Let’s learn how to implement user authentication in Angular 2 with Auth0. We’ll take advantage of Auth0’s Lock widget to manage user identity.

Scenario: We need user authentication to secure our app. Users should be able to sign up and log in with username and password or with third-party Oauth credentials.

Auth0 Lock implemented in an Angular 2 app

Configure Your Auth0 Client

The first thing you’ll need is an Auth0 account. Follow these simple steps to get started:

  1. Sign up for a free Auth0 account.
  2. In your Auth0 Dashboard, create a new client.
  3. Name your new app and select “Single Page Web Applications”.
  4. In the Settings for your newly created app, add http://localhost:4200 to the Allowed Callback URLs and Allowed Origins (CORS).
  5. If you’d like, you can set up some social connections. You can then enable them for your app in the Client options under the Connections tab. The example shown in the screenshot above utilizes username/password database, Facebook, Google, and Twitter.

Setup and Dependencies

You will need Node.js with npm. The current LTS version is recommended.
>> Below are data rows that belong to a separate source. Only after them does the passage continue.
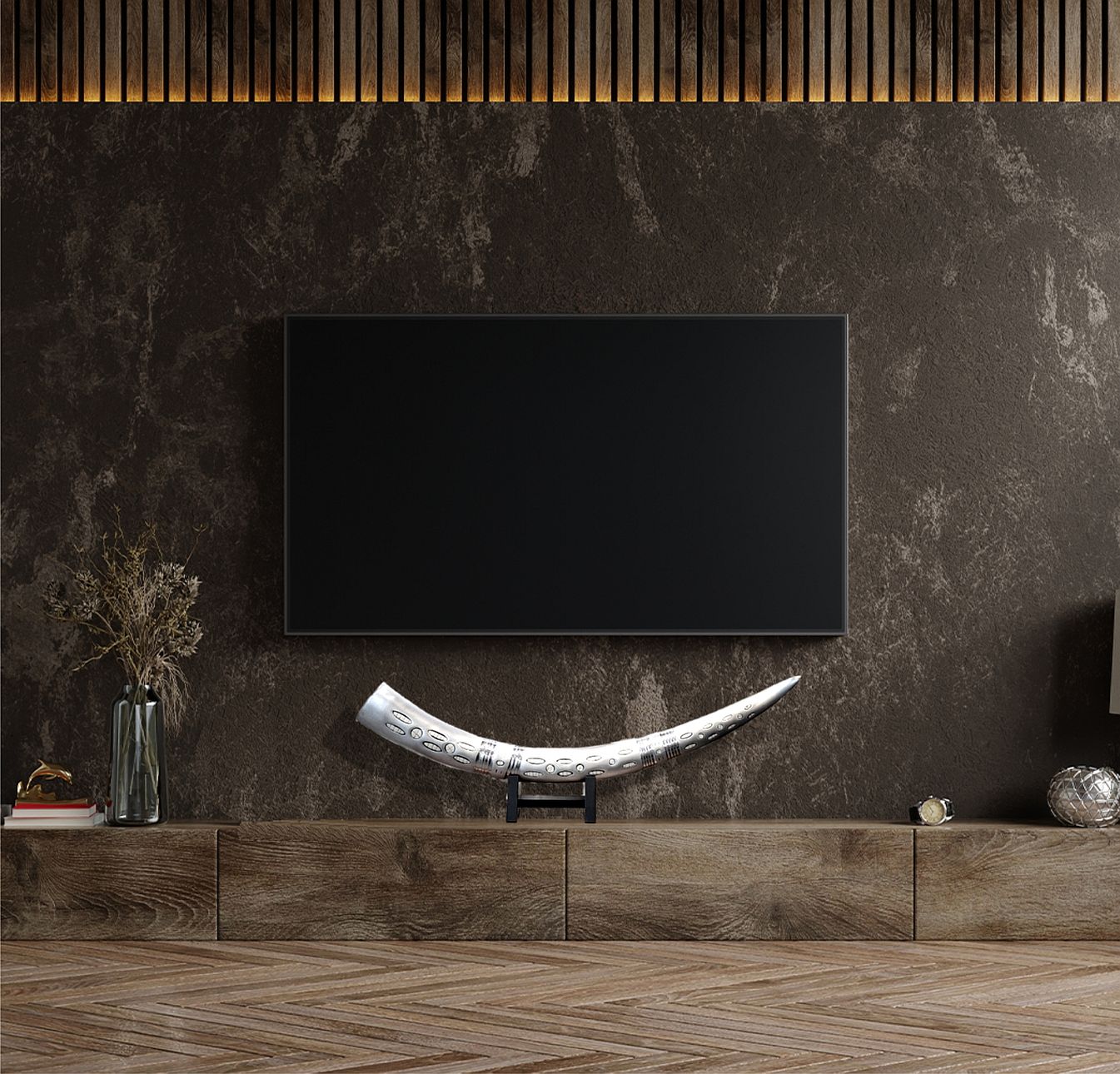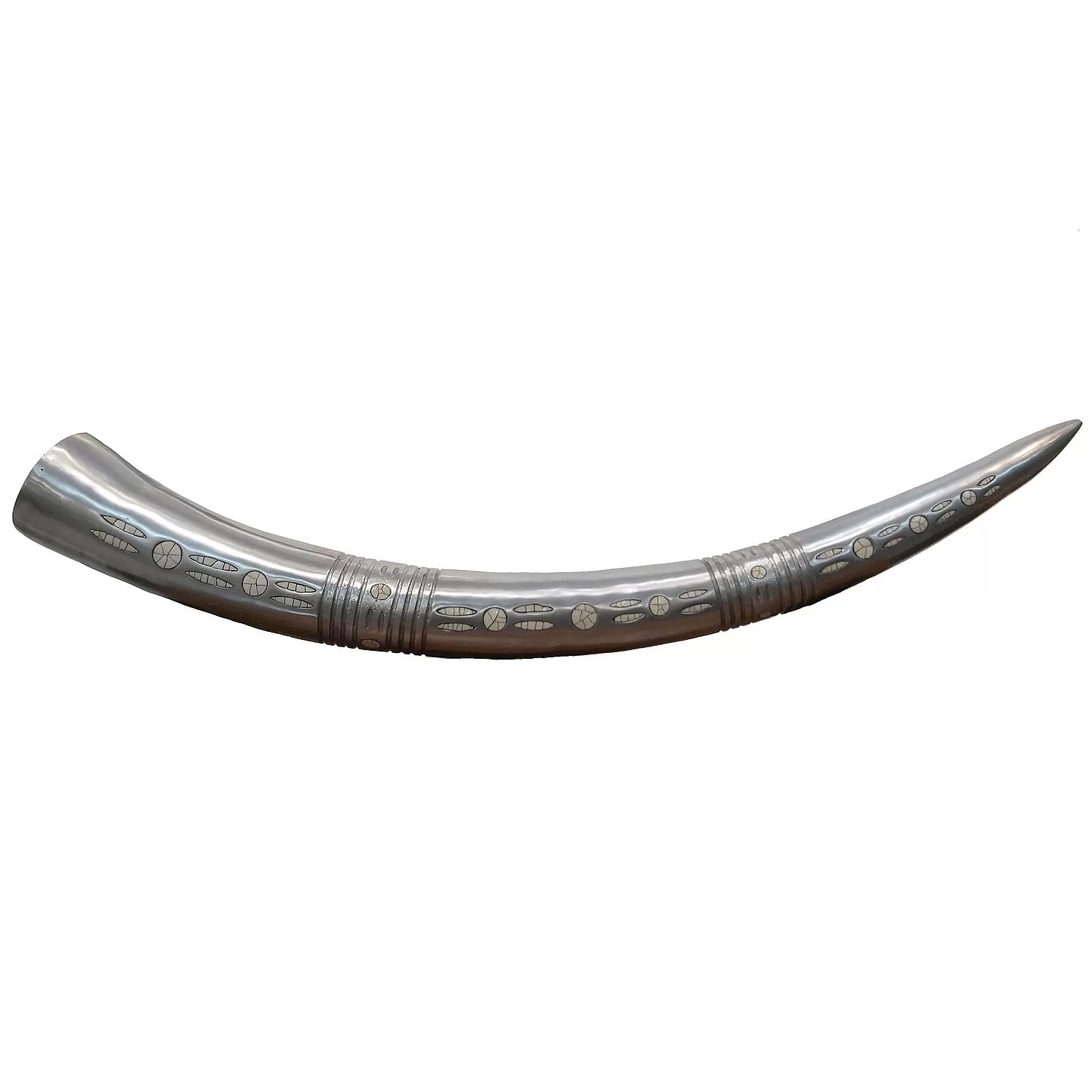Elephant tusk sculpture cast in aluminium and detailed by hand with ostrich eggshell, sourced from sustainable hatcheries in South Africa.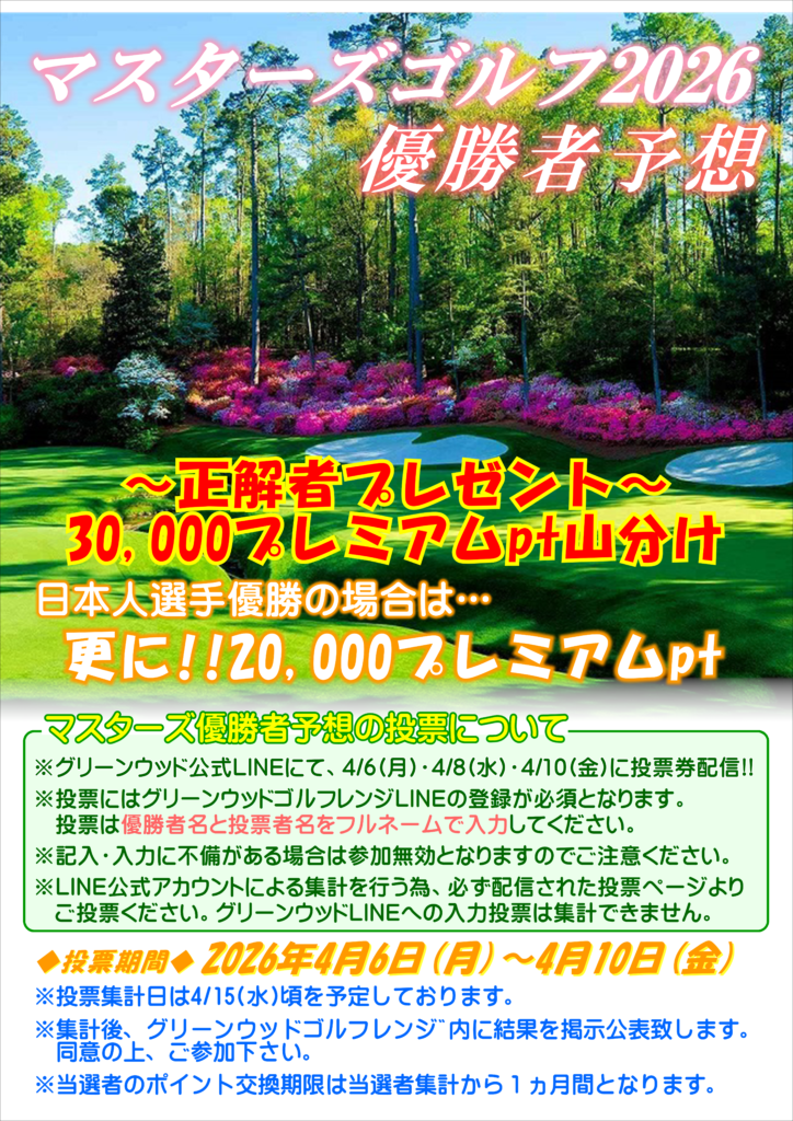 マスターズ2026🏌️優勝者予想を開催します⛳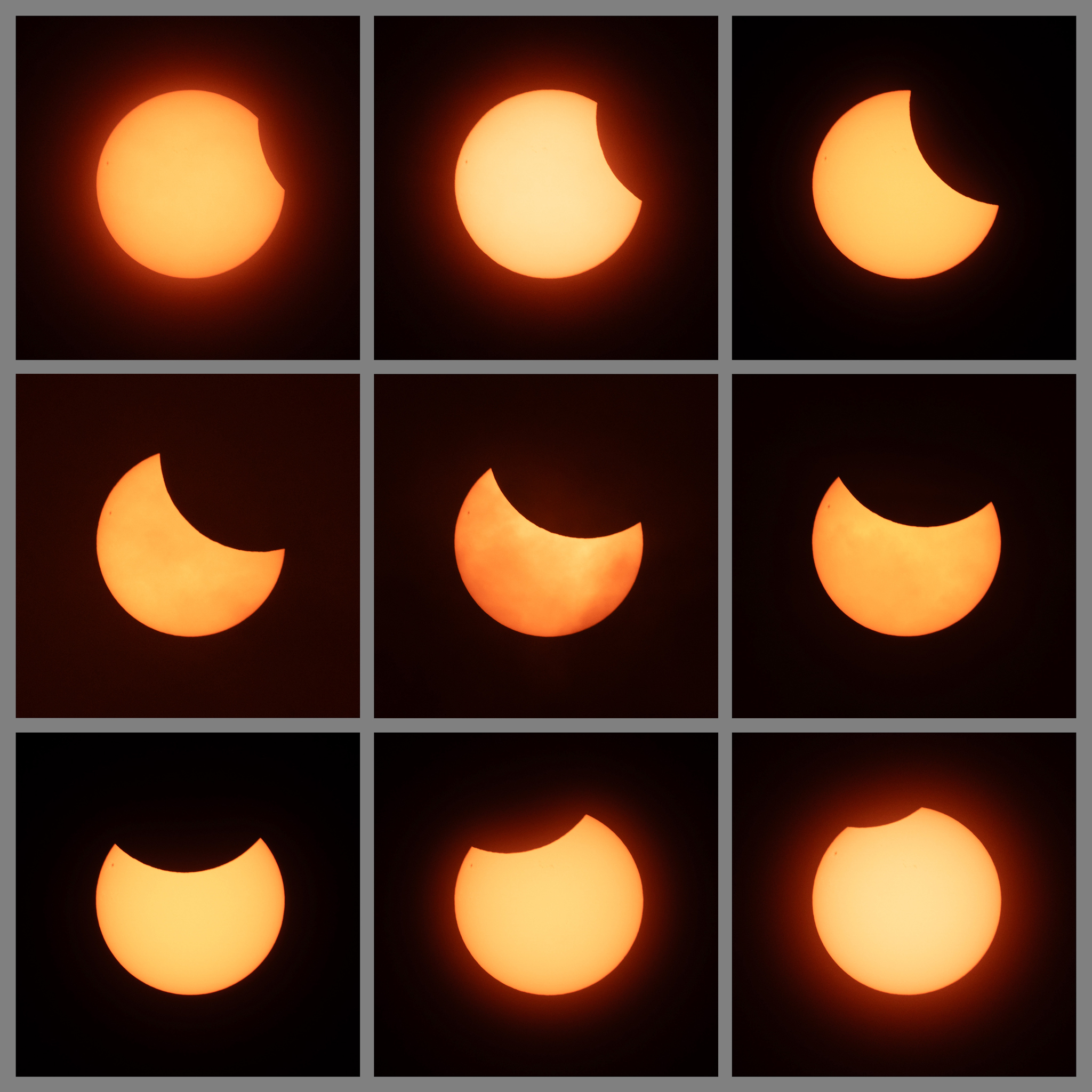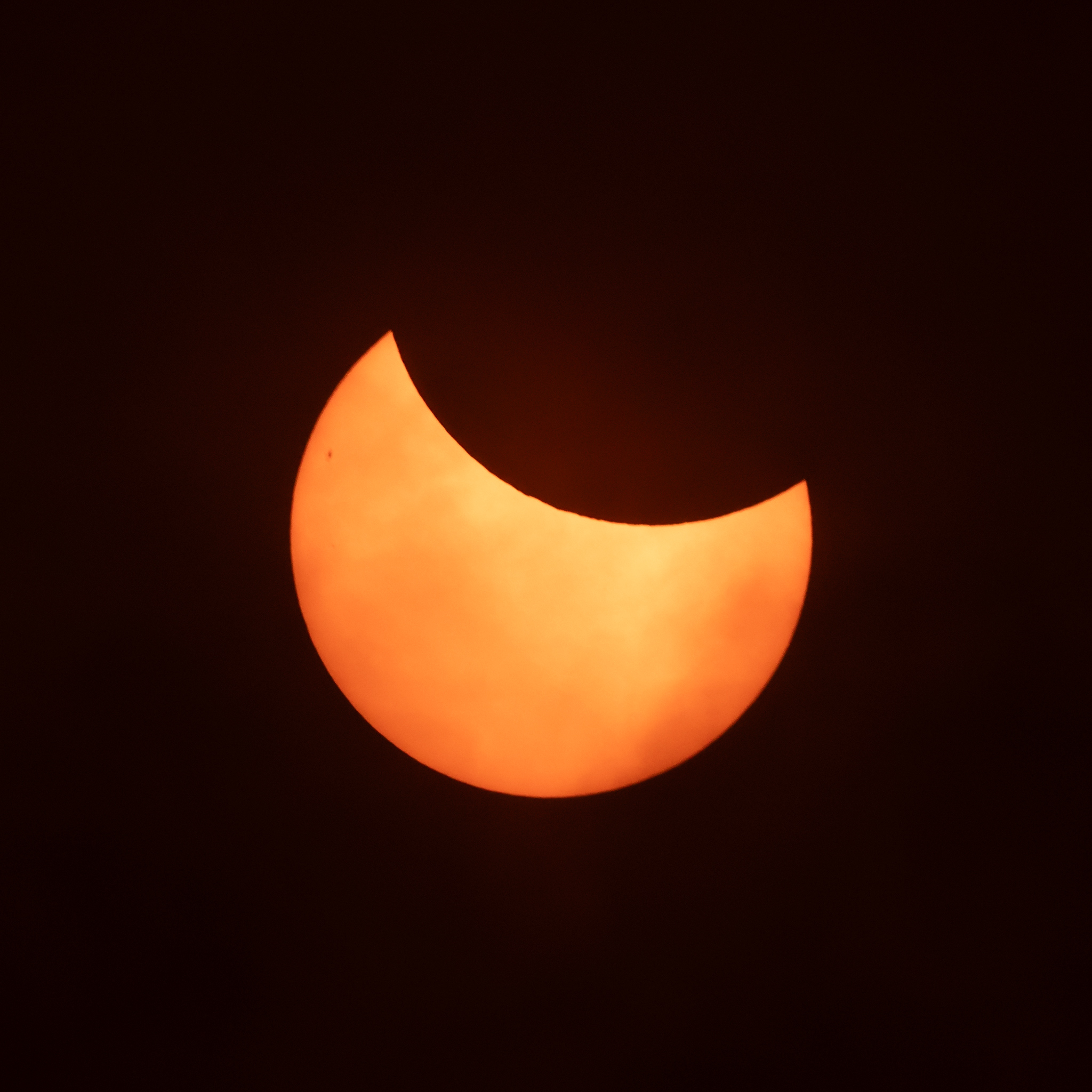 A large sunspot group is visible on the left-hand side of the Sun, and thin cloud briefly passed across the Sun shortly before maximum eclipse.

We’ll add the Auth0 Lock CDN link to our app’s index.html file. We’re using version 10.6 for our tutorial:

<!-- Angular 2 - index.html -->
...
  <!-- Auth0 Lock widget -->
  <script src="https://cdn.auth0.com/js/lock/10.6/lock.min.js"></script>
</head>
...

Next we need the angular2-jwt helper library. Install this in your Angular 2 project with npm:

$ npm install angular2-jwt --save

Create an Authentication Service

We need an Angular 2 service to implement login functionality and authentication methods. For a simple implementation, our AuthService should look like this:

// Angular 2 - auth.service.ts

import { Injectable } from '@angular/core';
import { tokenNotExpired } from 'angular2-jwt';

// Avoid name not found warnings
declare var Auth0Lock: any;

@Injectable()
export class AuthService {
  lock = new Auth0Lock('[YOUR_AUTH0_CLIENT_ID]', '[YOUR_AUTH0_CLIENT_DOMAIN]', {});
  userProfile: Object;

  constructor() {
    this.userProfile = JSON.parse(localStorage.getItem('profile'));

    // Add callback for lock 'authenticated' event
    this.lock.on('authenticated', (authResult) => {
      if (authResult.idToken) {
        // Successful authentication result
        localStorage.setItem('id_token', authResult.idToken);

        // Get user profile
        this.lock.getProfile(authResult.idToken, (error, profile) => {
          if (error) {
            throw Error('There was an error retrieving profile data.');
          }

          localStorage.setItem('profile', JSON.stringify(profile));
          this.userProfile = profile;
        });
      }
    });
  }

  login() {
    // Call the show method to display the Lock widget
    this.lock.show();
  }

  logout() {
    // Remove token and profile
    localStorage.removeItem('id_token');
    localStorage.removeItem('profile');
    this.userProfile = undefined;
  }

  get authenticated() {
    // Check if there's an unexpired JWT
    // This searches for an item in localStorage with key == 'id_token'
    return tokenNotExpired();
  }

}

Let’s talk about the imports. Injectable is necessary for any injectable service. We also need tokenNotExpired from angular2-jwt to get a user’s authentication state.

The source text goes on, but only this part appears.